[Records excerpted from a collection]
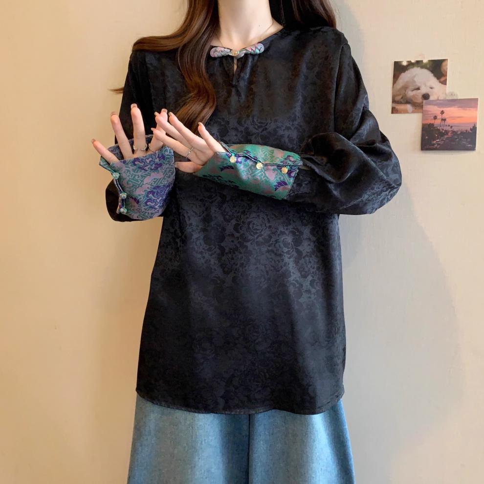 Compre [Original] Camisa de Manga Comprida Estilo Nacional Estilo Chinês Novo com Botão de Disco para Mulheres 2025 Outono Look Solto Emagrecedor Top de Cor Contrastante no atacado no Joom.pro
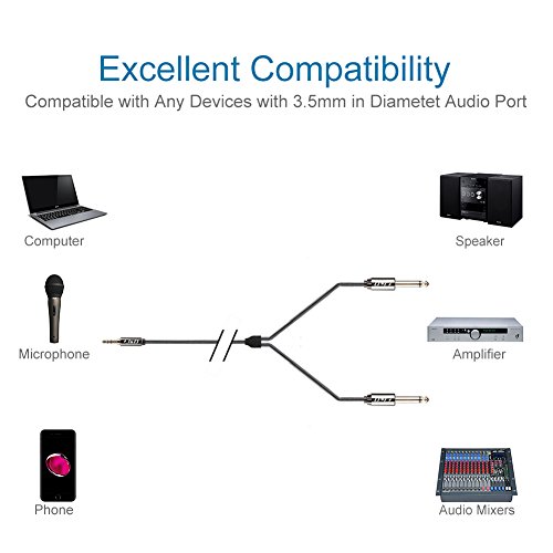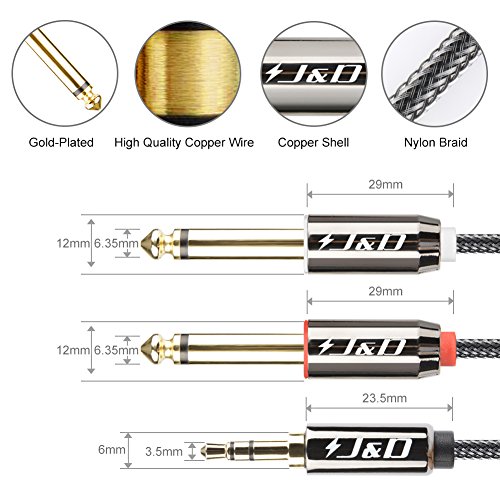 Studio : JD Tech Publisher : JD Tech Binding : Electronics Product Description Why Choose JD Tech? 1. The JD Tech means high-quality products for reasonable prices. Our products are stylishly designed and produced with care to ensure high quality. 2. We boast excellent customer service with a high satisfaction rating, with our team of representatives ready to assist you Monday to Friday, from 9:30AM to 5:30PM Pacific Time. 3. We pack and ship your orders directly from our US-based warehouse within 24 business hours, and tracking information will be provided to you as soon as it's available. Description JD Gold-Plated 3.5mm 1/8" TRS Male to 2x 6.35mm 1/4" TS Male Mono Cable Splitter with Zinc Alloy Housing and Nylon Braid. [Easy Connection] Connecting your smartphone, laptop or PC with a 3.5mm jack output to a device with 2 x 6.35mm jack inputs such as speakers, mixing desk and so on. [Excellent Sound] Corrosion-resistant Gold-Plated Metal connecters making the sound signal transmits with minimal signal loss. [Durable] Zinc alloy and dual layer nylon braid protect the cable from harsh installation where the cable is tugged across sharp edges [Composition] 3.5mm 1/8" Male to 2X 6.35mm 1/4" Male [Warranty] 1-month hassle free return and 18-month limited warranty (free replacement)
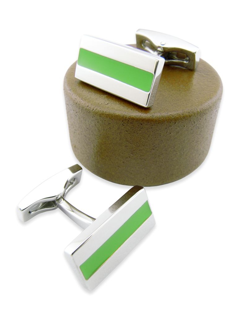 Rectangulaire et de dimensions réduites (20 par 10 millimètres), la platine de ce bouton de manchette est en métal. Elle est traversée horizontalement en son centre par une bande en émail vert amande, sur un peu plus du tiers de la hauteur.
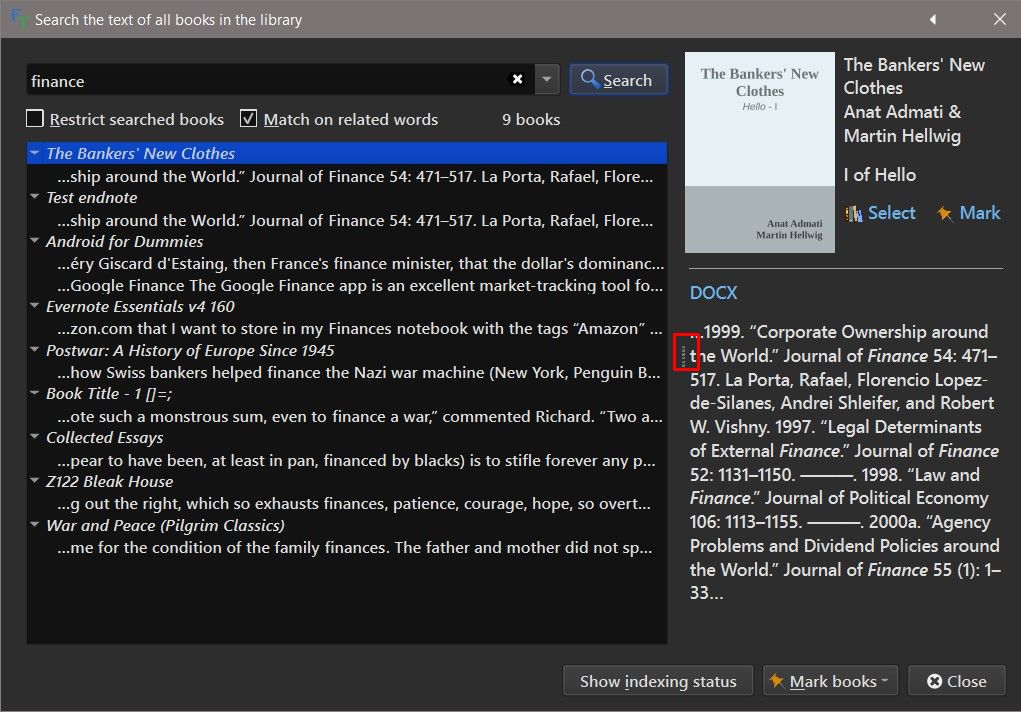 Also, the tooltip indicates that 'restrict searched books' should search all the books currently in view. Instead, it only searches currently selected books. It might also make sense to have a menu option to manually reindex selected books. Last edited by ownedbycats; 06-29-2022 at 06:24 AM. |
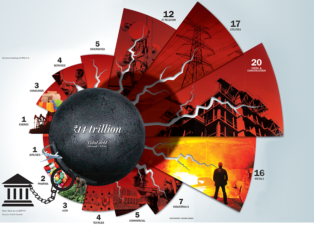 The domestic banking sector’s bad loan kitty continues to swell and now stands at Rs.7.7 trillion, which is 9.6% of total outstanding loans of the banking sector. According to a report by Credit Suisse, the share of power debt with interest coverage of less than 1x has now risen to 70%. Following the entry of Jio, the stress in telecom, too, has increased, with aggregate interest cover falling to 0.3x against 1.5x a year ago. The share of telecom debt with interest coverage less than 1x has increased to 57% or $23 billion. Even though steel prices surged 80% in the just previous fiscal, 55% of debt in the sector continues to have an interest coverage ratio of less than 1x, highlighting the over-leverage. In the power segment, 35,900 MW of thermal and hydropower projects have been declared as stressed assets, with the share utilities in the NPA kitty increasing by 17%. Over the past two years, there has been a decline of bank lending to the infrastructure sector, yet it occupies a chunk of the bad loans at 21% owing to land acquisition problems and cost overruns impacting projects. In other words, Credit Suisse believes that in order to resolve the stress, banks will need to take significant haircuts in the coming days.
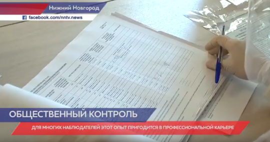 На участок заходит руководитель нижегородского филиала Фонда развития гражданского общества Евгений Семенов. Он в собственной маске и перчатках. Если у избирателя нет средств защиты, их выдают. Проголосовав, Евгений Семенов общается с наблюдателями.
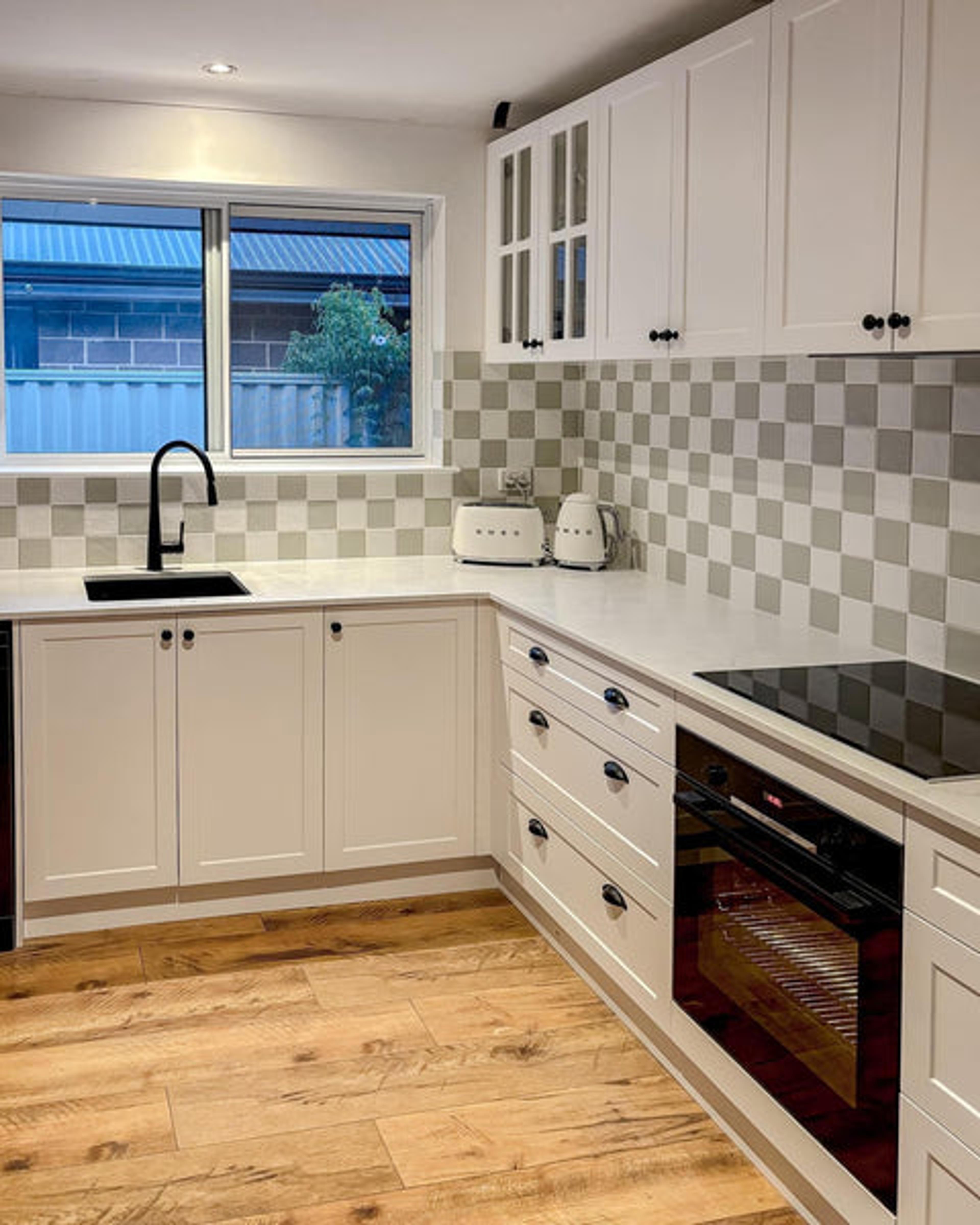 Tiles: Well, this answer is obvious! Choose tiles that suit your kitchen's style and are suitable for use in wet areas - all of the options we've suggested are up to the task. Ensure you have enough tiles to cover the entire splashback area, plus some extra for cuts and spares.

INSTRUCTIONS FOR THE TASK:
Go through the entries above and output them exactly, without pictures.

TASK ANSWER:
 Compre [Original] Camisa de Manga Comprida Estilo Nacional Estilo Chinês Novo com Botão de Disco para Mulheres 2025 Outono Look Solto Emagrecedor Top de Cor Contrastante no atacado no Joom.pro
 Studio : JD Tech Publisher : JD Tech Binding : Electronics Product Description Why Choose JD Tech? 1. The JD Tech means high-quality products for reasonable prices. Our products are stylishly designed and produced with care to ensure high quality. 2. We boast excellent customer service with a high satisfaction rating, with our team of representatives ready to assist you Monday to Friday, from 9:30AM to 5:30PM Pacific Time. 3. We pack and ship your orders directly from our US-based warehouse within 24 business hours, and tracking information will be provided to you as soon as it's available. Description JD Gold-Plated 3.5mm 1/8" TRS Male to 2x 6.35mm 1/4" TS Male Mono Cable Splitter with Zinc Alloy Housing and Nylon Braid. [Easy Connection] Connecting your smartphone, laptop or PC with a 3.5mm jack output to a device with 2 x 6.35mm jack inputs such as speakers, mixing desk and so on. [Excellent Sound] Corrosion-resistant Gold-Plated Metal connecters making the sound signal transmits with minimal signal loss. [Durable] Zinc alloy and dual layer nylon braid protect the cable from harsh installation where the cable is tugged across sharp edges [Composition] 3.5mm 1/8" Male to 2X 6.35mm 1/4" Male [Warranty] 1-month hassle free return and 18-month limited warranty (free replacement)
 Rectangulaire et de dimensions réduites (20 par 10 millimètres), la platine de ce bouton de manchette est en métal. Elle est traversée horizontalement en son centre par une bande en émail vert amande, sur un peu plus du tiers de la hauteur.
 Also, the tooltip indicates that 'restrict searched books' should search all the books currently in view. Instead, it only searches currently selected books. It might also make sense to have a menu option to manually reindex selected books. Last edited by ownedbycats; 06-29-2022 at 06:24 AM. |
 The domestic banking sector’s bad loan kitty continues to swell and now stands at Rs.7.7 trillion, which is 9.6% of total outstanding loans of the banking sector. According to a report by Credit Suisse, the share of power debt with interest coverage of less than 1x has now risen to 70%. Following the entry of Jio, the stress in telecom, too, has increased, with aggregate interest cover falling to 0.3x against 1.5x a year ago. The share of telecom debt with interest coverage less than 1x has increased to 57% or $23 billion. Even though steel prices surged 80% in the just previous fiscal, 55% of debt in the sector continues to have an interest coverage ratio of less than 1x, highlighting the over-leverage. In the power segment, 35,900 MW of thermal and hydropower projects have been declared as stressed assets, with the share utilities in the NPA kitty increasing by 17%. Over the past two years, there has been a decline of bank lending to the infrastructure sector, yet it occupies a chunk of the bad loans at 21% owing to land acquisition problems and cost overruns impacting projects. In other words, Credit Suisse believes that in order to resolve the stress, banks will need to take significant haircuts in the coming days.
 На участок заходит руководитель нижегородского филиала Фонда развития гражданского общества Евгений Семенов. Он в собственной маске и перчатках. Если у избирателя нет средств защиты, их выдают. Проголосовав, Евгений Семенов общается с наблюдателями.
 Tiles: Well, this answer is obvious! Choose tiles that suit your kitchen's style and are suitable for use in wet areas - all of the options we've suggested are up to the task. Ensure you have enough tiles to cover the entire splashback area, plus some extra for cuts and spares.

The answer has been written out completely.